Mr. Bruskin also feared that if the auto companies responded by moving more production to Mexico, where they already have a significant presence, the union might actually win the fight and lose the war.

The tens of billions of dollars in federal subsidies for domestic electric vehicle production that President Biden has helped provide should limit this shift and help preserve manufacturing jobs at home. Many car manufacturers are already building new plants in the USA to benefit from the subsidies.

Still, Willy Shih, a manufacturing expert at Harvard Business School, said automakers could adjust their operations to undercut the UAW while continuing to produce cars domestically. Automation is an option, he said, as is locating new plants in lightly unionized Southern states.

Detroit automakers have formed joint ventures with foreign battery makers that are outside the reach of the UAW’s national contracts and have sought to locate some of those plants in states such as Tennessee and Kentucky. The union is trying to bring workers in these plants up to the same wage and work standards enjoyed by direct employees of the Big Three, but so far it has not succeeded.

Given these threats, the union may feel justified in taking a more ambitious stance toward automakers. The main criterion for moving work to other states will be the UAW’s ability to establish new plants, particularly in the South, where it has struggled to gain a foothold for years. Experts argued that the union would likely increase its chances of gaining members there if it could show large, concrete gains.

“The answer is to gain a strong contact here and use it to organize huge groups of autoworkers who are not currently unionized,” said Barry Eidlin, a sociologist at McGill University in Montreal who studies labor busy.

And there are other reasons why being too cautious poses a greater risk to the union than being too aggressive. Organizers point out that workers are often demoralized when union leaders talk tough and then quickly settle for a subpar deal.

Critics of the previous UAW administration accused it of doing just that before Mr. Fain took power this year. “We would try to understand how certain things happened in the first place,” Shana Shaw, another longtime UAW member who supported Mr. Fain, said of the concessional contracts autoworkers have been forced to accept over the years.

Even Mr. Fain’s habit of framing the struggle in broad class terms could prove a strategic advantage. A recent Gallup poll found that 75 percent of the population supported auto workers in the showdown, compared to 19 percent who were more sympathetic to the companies.
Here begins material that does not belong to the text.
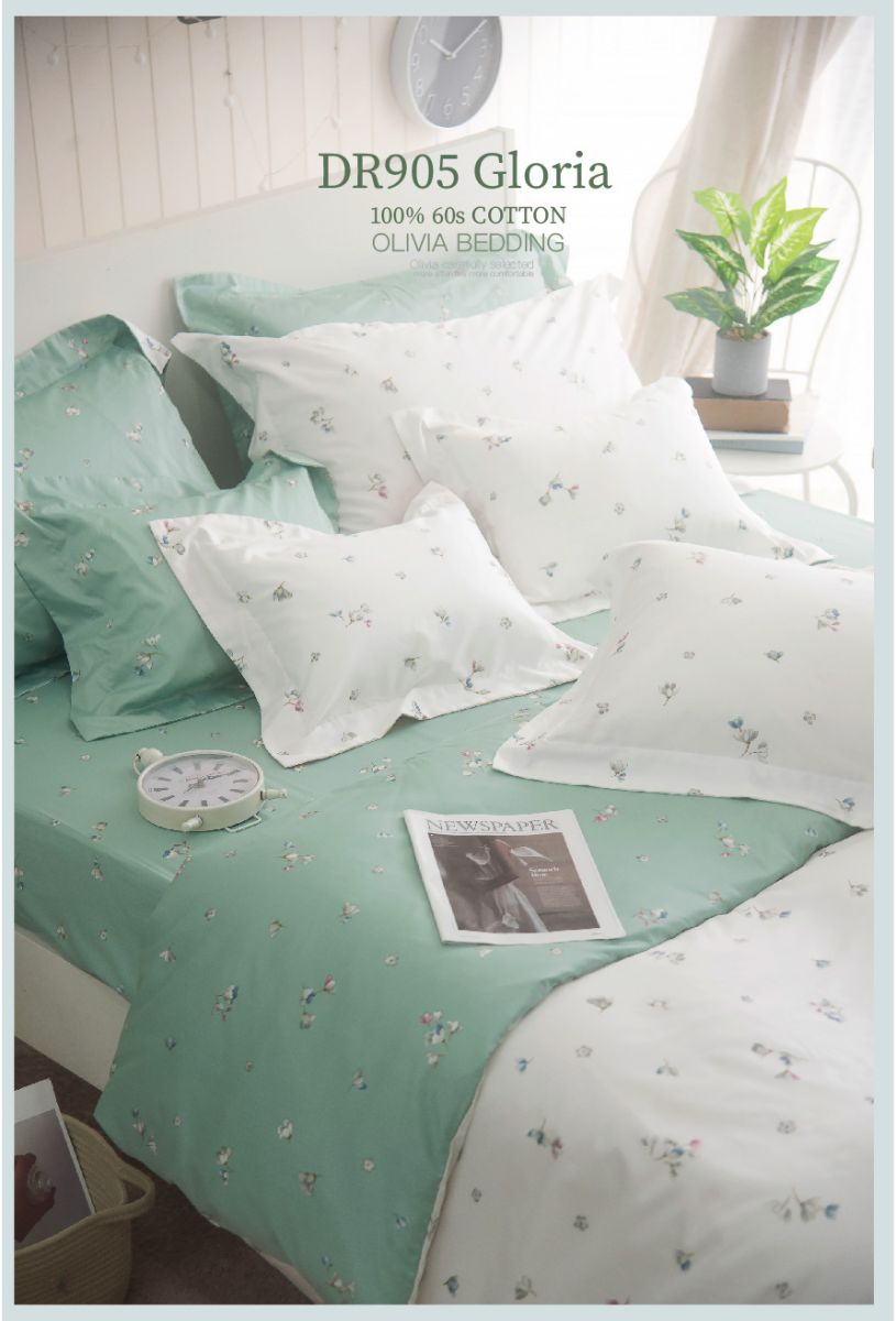 【OLIVIA】DR905 葛洛莉亞 白X綠/雙人床包枕套三件組/300織精梳棉 台灣製 獨家開版 法式鄉村風

The broad public support suggests that autoworkers may be operating in a different context than workers in another strike that famously contributed to workers’ loss of power: the unsuccessful fight by air traffic controllers against the Reagan administration in the early 1980s, after which private strikes took place. Employers in this sector appeared more comfortable firing and replacing striking workers.

Dr. Eidlin said that while air traffic controllers had failed to court allies in the labor movement, “the fact that Fain and the UAW are broadening their messages and really trying to build this broad coalition suggests the possibility of a different outcome.”